We assume that a hyperparameter configuration can be represented by a d-dimensional vector $\lambda $ and model the contextual bandit as a linear function of the configurations. After learning the parameters $\varvec{\theta }$ of the linear model, a new configuration $\lambda $ can be evaluated as $\hat{y} = \varvec{\theta }^\top \lambda $. The optimization problem in Eq. (1) suggests a lower confidence bound strategy since we aim to minimize $\mathcal {L}$. However, by considering negative loss values $-y$, we can retain the usual upper confidence bound (UCB) strategy since maximizing the negative validation loss $-\mathcal {L}$ is equivalent to minimizing $\mathcal {L}$. The UCB approach trades off exploration and exploitation as it also considers the uncertainty for a specific hyperparameter configuration. The score $p_\lambda $ is thus obtained from $\varvec{\theta }^\top \lambda + \alpha \sqrt{\lambda ^\top A^{-1} \lambda }$, where $A = \varvec{X}^\top \varvec{X} + \gamma \mathbf {I}$ is the regularized design matrix of the configurations with $\gamma \ge 0$ which have been evaluated so far and $\alpha >0$ is a trade-off parameter.

Algorithm 2 summarizes our approach for HyperUCB. In this algorithm, the bandit model is learned in line 13, and together with the covariance matrix it computes the upper confidence values in two sampling steps. At every iteration, a number of $n_0$ configurations are randomly sampled as in HB, and from those, the bandit model selects the n most promising ones. The next sampling step is at line 14, where top_ucb is performed on the values of $p_{\lambda }$ rather than $y_\lambda $. Note that the matrix A is updated every time a configuration is chosen, even within an iteration, which leads to a tighter confidence interval for those configurations.

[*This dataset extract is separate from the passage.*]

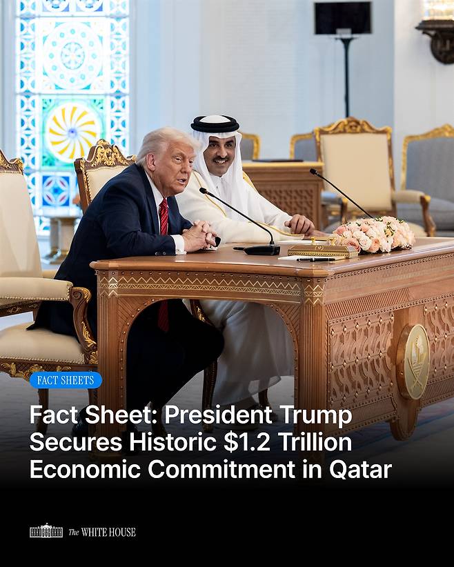 | ▲ 5월 14일(현지시각), 도널드 트럼프 미국 대통령은 카타르 도하에서 셰이크 타밈 빈 하마드 알사니 국왕과 회담을 갖고, 경제·안보 분야의 포괄적 협력 패키지에 대한 합의서에 서명했다고 밝혔다. 이는 백악관이 발표한 핵심 요약 자료 ‘팩트 시트(Fact Sheet)’를 통해 공식 확인됐다. |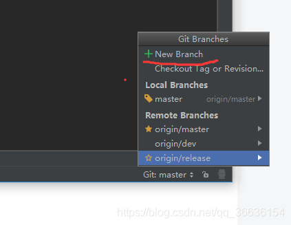 图中标号为2的框中展示的是远程分支,我这个项目在远端有三个分支master,dev,release,origin指的是仓库名(仓库名没有特别指定默认就叫origin)。

Table 1. Hyperparameters of the multi-layer perceptron.

Full size table

4 Empirical Study

In this section, we evaluate the performance of the HyperUCB strategy compared to Hyperband [8]. The experiments are conducted on the MNIST data which consists of 60,000 training and 10,000 test instances. As a model, we use a simple multi-layer perceptron (MLP) which learns to classify images of handwritten digits. We use the categorical cross entropy as a loss function and the RMSprop optimizer. The validation loss is computed on the hold-out data. Within the MLP we use four hyperparameters which are outlined in Table 1. We determine a minimum budget of one unit of resource which corresponds to 100 mini-batches of size 100. The maximum budget consists of R units of resources, hence 100R mini-batches. We use the default value of $\eta =3$ as specified in Hyperband. Our approach contains two additional parameters: the exploration-exploitation trade-off $\alpha $ and a regularization-weight $\gamma $ in ridge regression. We select the values of $\alpha =0.4$ as it gives best performance in [7] and the regularization is set to $\gamma =0.1$.

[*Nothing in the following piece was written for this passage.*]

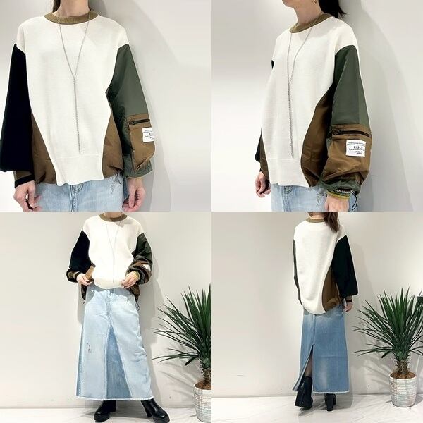 【 RISLEY 】 リズレー リズレイ 異素材コンビ ポケットスリーブ 裾ドローコード プルオーバー ウール混 ニット 春秋冬 レディース

Figure 1 shows the validation loss averaged over five independent runs for various maximum budgets including standard errors. With a max. budget higher than 19, HyperUCB outperforms Hyperband as it consistently yields lower validation errors. We credit this finding to the fact that using a higher budget, more rounds are conducted on which the bandit model can learn to discriminate promising from unpromising hyperparameter configurations. This can be hardly done with lower max. budgets due to the lack of training data.

Figure 2 depicts the average validation loss in dependence of computational time, measured in seconds, for a budget of 45. It can be seen that HyperUCB performs on par with Hyperband, meaning it is as fast or faster than Hyperband.

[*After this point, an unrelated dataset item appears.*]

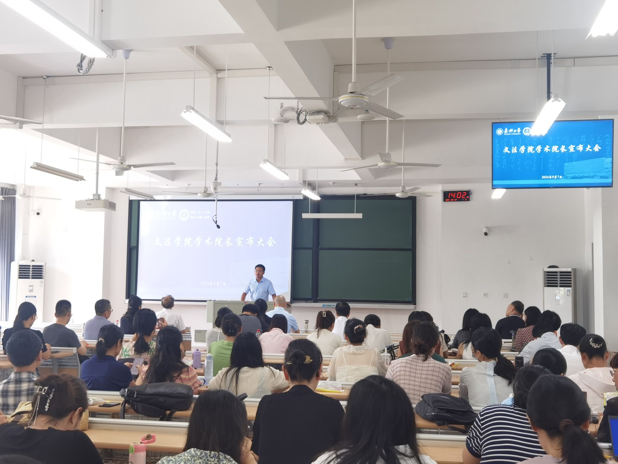 在厚德楼122召开学术院长宣布大会暨新学期教职工大会,校党委副书记钱方明,校党委副书记、党委组织部(统战部)部长、人才办主任陈立力出席会议,学院全体教职工参加会议。会议由学院党委书记童建华主持。校党委副书记、党委组织部(统战部)部长、人才办主任陈立力宣读了任命文件,任命石贤平同志担任啪啪啦

5 Conclusion and Future Work

In this paper, we presented HyperUCB, a contextual extension using a UCB strategy for Hyperband, which is a bandit-based method for hyperparameter optimization. The idea was as follows: Instead of sampling n iid hyperparameter configurations in each round for evaluation, we sampled more configurations, assessed them using a multi-armed bandit with a UCB strategy and only evaluated the n best configurations. This way, we guided the sampling procedure towards more promising configurations and avoided evaluating hyperparameters which are already assumed to yield a high validation error. An experiment on the MNIST data showed that it outperforms the Hyperband baseline for moderate budgets at optimizing several hyperparameters of a multi-layer perceptron.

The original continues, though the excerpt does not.